__Given material__.
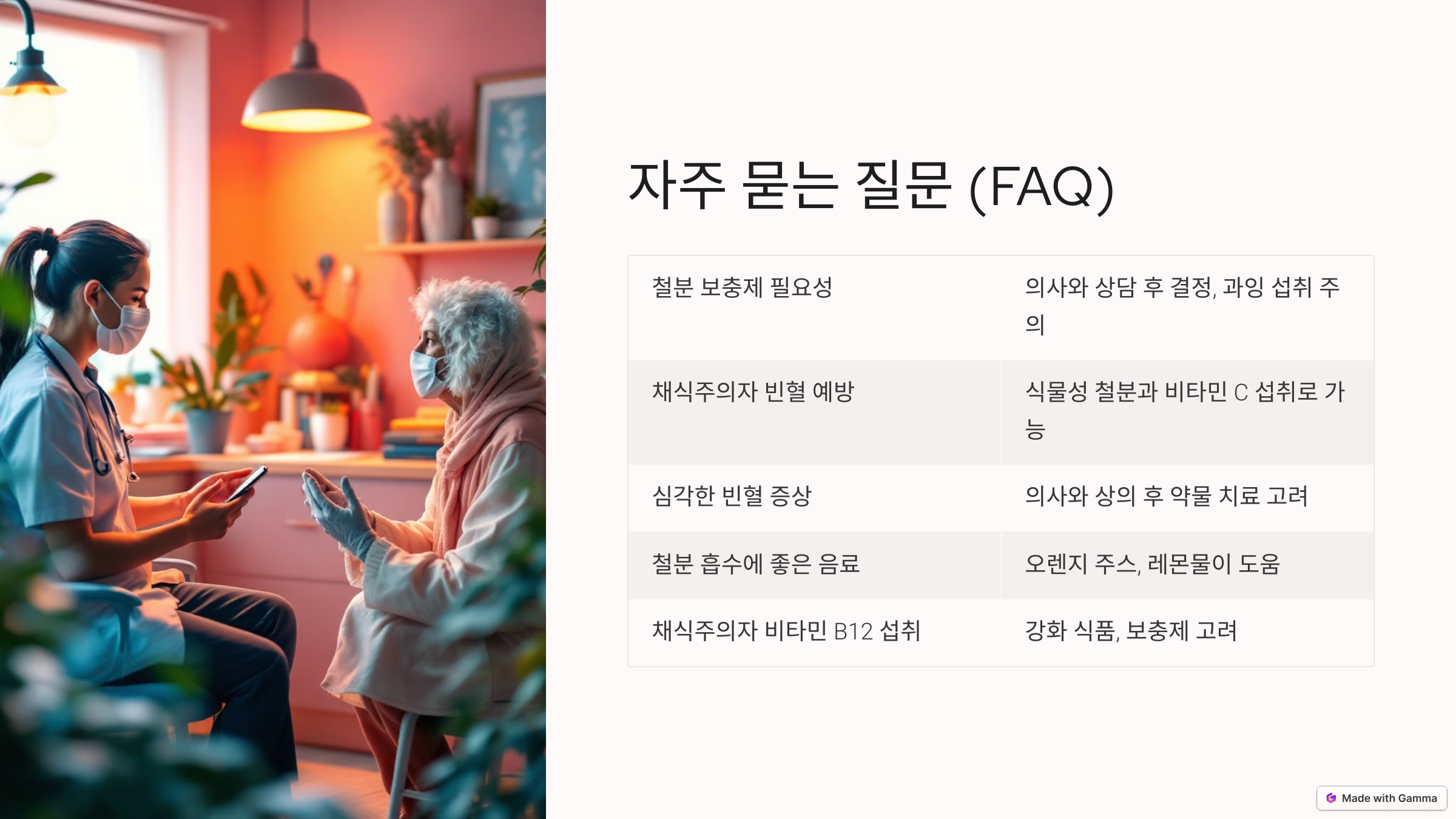 A1. 음식으로 충분한 철분을 섭취하기 어렵거나, 빈혈 증상이 지속될 경우 의사와 상담 후 보충제를 섭취할 수 있습니다. 다만, 철분 과잉 섭취는 오히려 부작용을 초래할 수 있으니 주의하세요.
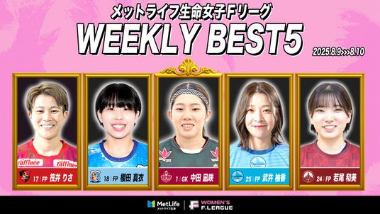8月9日(土)~8月10日(日)に実施したメットライフ生命女子Fリーグ2025-26 第7節におけるベスト5をお知らせいたします。
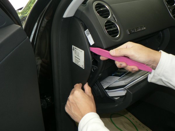 工房長です。RNS510 VICS BEACON RECEIVER by maniacs(MVR510S)を装着する際、Tiguanの場合はグローブボックスを脱着する必要があります(他の車種でビーコンレシーバーを装着するにはグローブボックスの脱着は基本的に必要ありません)。VWの車輌ではグローブボックスが簡単には脱着できない車種も多いのですが、Tiguanの場合は他のカバー類やコンソールを外すことなくグローブボックスだけを脱着できるので、とても簡単です。
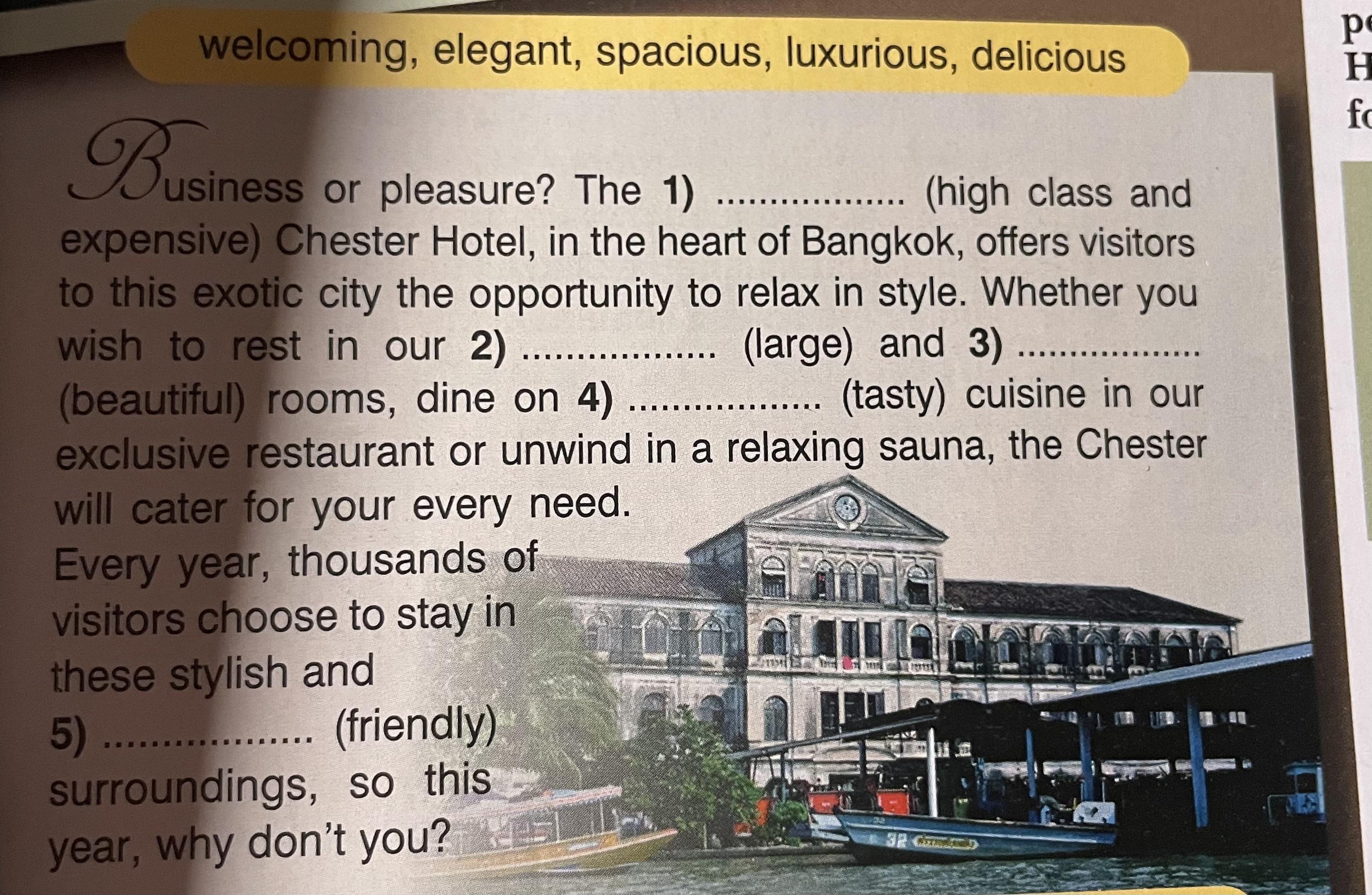 Read the advertisements and replace the words in brackets with the words from the lists.

__Problem statement__.
Repeat, exactly and only, the lines from the one containing "8月9日(土)~8月10日(日)に実施し" through the final line of the data, both ends included, leaving out any picture.

__Exercise response__.
8月9日(土)~8月10日(日)に実施したメットライフ生命女子Fリーグ2025-26 第7節におけるベスト5をお知らせいたします。
 工房長です。RNS510 VICS BEACON RECEIVER by maniacs(MVR510S)を装着する際、Tiguanの場合はグローブボックスを脱着する必要があります(他の車種でビーコンレシーバーを装着するにはグローブボックスの脱着は基本的に必要ありません)。VWの車輌ではグローブボックスが簡単には脱着できない車種も多いのですが、Tiguanの場合は他のカバー類やコンソールを外すことなくグローブボックスだけを脱着できるので、とても簡単です。
 Read the advertisements and replace the words in brackets with the words from the lists.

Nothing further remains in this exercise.